By Victor P. Iannuzzi, PhD
New York, NY


This essay shared shared Section V's 2006 Morton A. Schillinger Prize

Among psychoanalysts, the postulate that there is such a thing as the "unconscious" at all is a stance that originally and most directly derives from Freud. Freud's realization that human mentation proceeds predominantly from outside of subjective awareness stands as his most valuable contribution, surpassing even his comprehensive methodological approach to investigating the nature and effects of unconscious mentation (Gedo, 1999).

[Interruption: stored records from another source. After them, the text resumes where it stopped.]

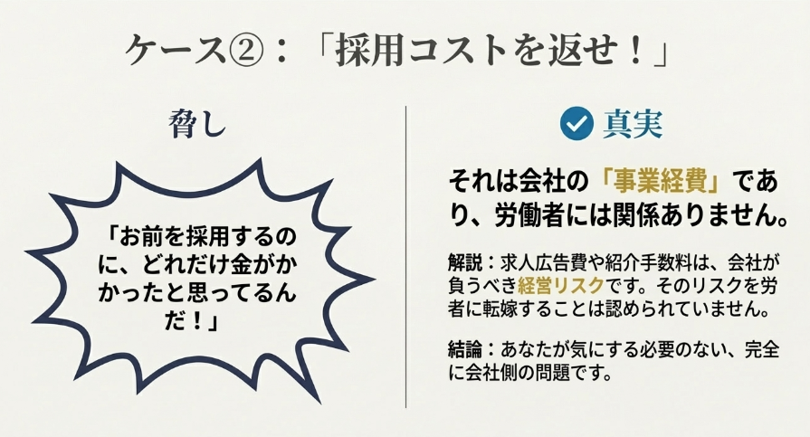 どのような人材を採用し、どのように定着させるかは会社の経営課題であり、そのリスクを労働者に転嫁することはできません。
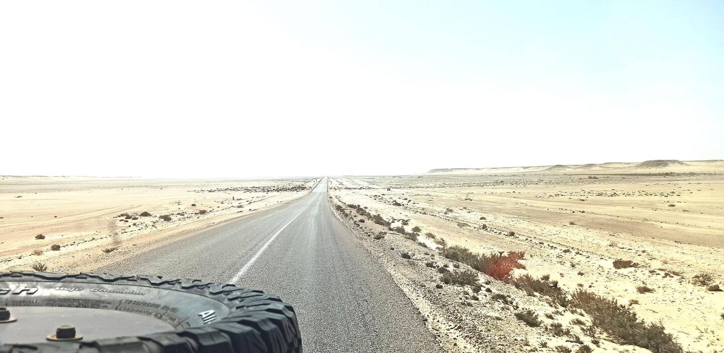 Hinter Daklha wird die Route N1 deutlich schlechter. Endlos geht es geradeaus. In der Ferne sehen wir Dünen und Tafelberge. Dann haben wir die Grenze Marokkos zu Mauretanien erreicht.
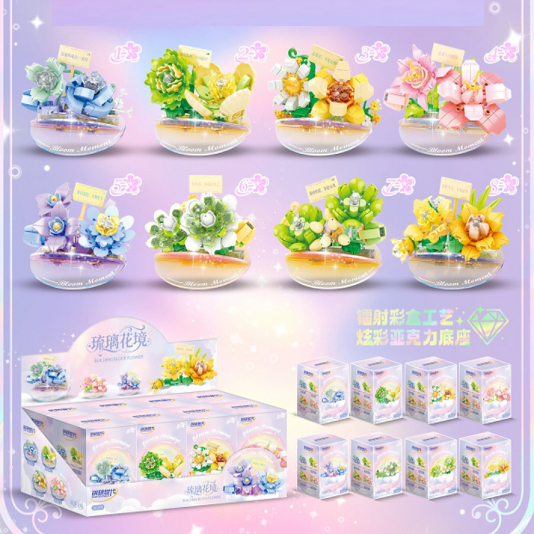 Конструктор «Волшебные цветы» представляет собой серию миниатюрных цветочных композиций, выполненных из сборных элементов. Каждая модель устанавливается на прозрачную подставку и оформлена в виде декоративной цветочной композиции.
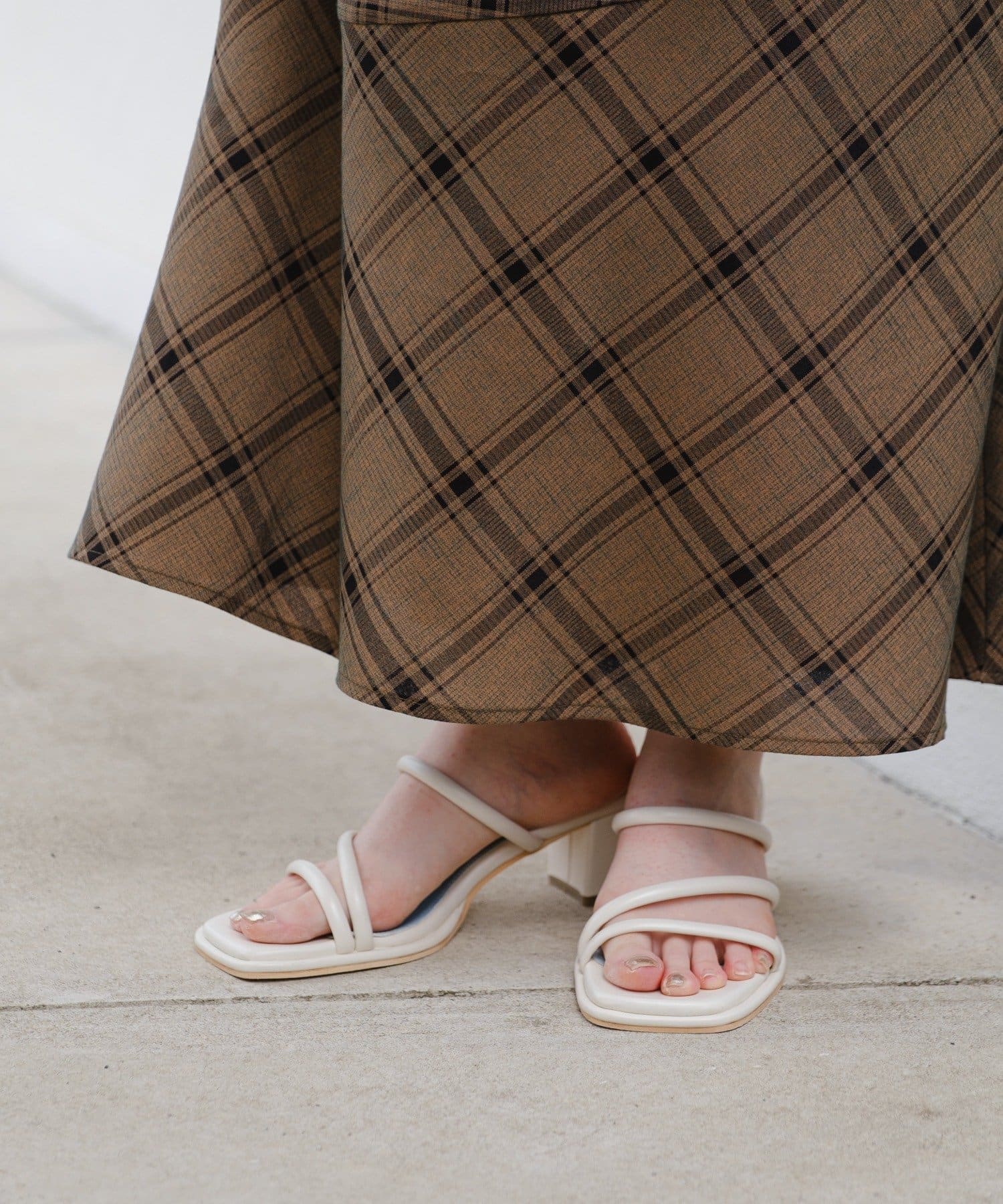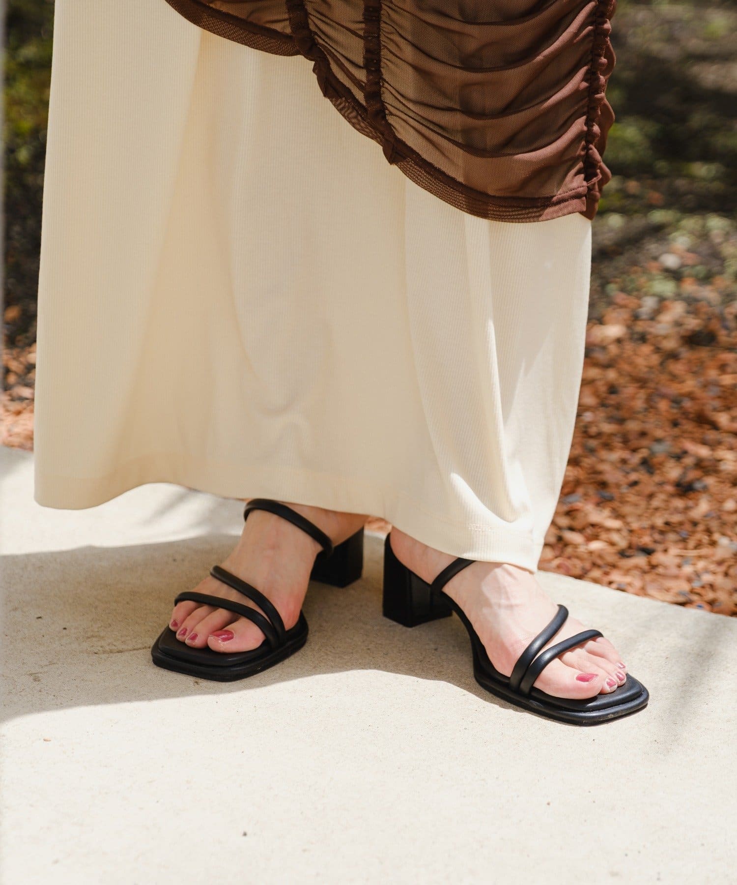 安定と美脚見えの良いとこ取りスクエアサンダル
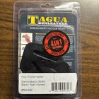 The Tagua Four in One Holster is designed for the Diamondback DB380 pistol, made of black leather for a right-handed shooter. This versatile holster can be carried in multiple positions such as small of the back, Cross Draw, on the belt (OWB), or inside the waistband (IWB). It features a clip and belt attachment for secure carrying, as well as being lightweight, weather-resistant, and multifunctional. Made in Paraguay, this holster is suitable for shooting activities.
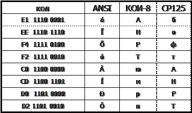 Если старший бит кода равен нулю (бит8=0), то система кодировки совпадает с ASCII, причем каждый из первых 128 символов кодируется одним байтом.
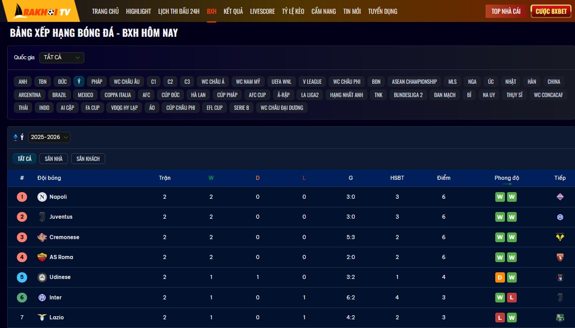 Một điểm cộng cực lớn của RakhoiTV là tốc độ cập nhật. Chỉ vài phút sau khi trận đấu kết thúc, bảng xếp hạng bóng đá Ý đã được cập nhật đầy đủ. Mình chỉ cần mở điện thoại là biết ngay Napoli dẫn đầu ra sao, khoảng cách với Inter Milan là bao nhiêu, hay Juventus có bất ngờ bị tụt hạng không.

The idea of an "unconscious," of one form or another, has remained central to psychoanalysis throughout its evolution. The "unconscious," it seems, was not only the de facto invention of psychoanalysis (de facto because the idea of automatism had been around for about 50 years before Freud) but, for a good part of the past 100 years, it seems to have been an almost constant preoccupation. It has been exhaustively surveyed and studied by psychoanalytic historians and cognitive psychologists (Ellenberger, 1970; Kihlstrom, 1987, 1995, 1998, 1999a, b; Kihlstrom, J.F., Mulvaney, S., Tobias, B.A., & Tobis, I.P., 2000; Westen, 1998a, b, 1999), apparently received not one but three "new looks" followed by "another new look" (Bruner, 1992; Greenwald, 1992), and at one time was considered to have been found, lost and regained (Kihlstrom, Barnhardt, & Tataryn, 1992). On at least one occasion, the specific question posed in this essay was asked and answered (Shevrin & Dickman, 1980); yet we continue to ask the question, revealing something of the remarkable metamorphosis that continues to take place in the discipline of psychoanalysis.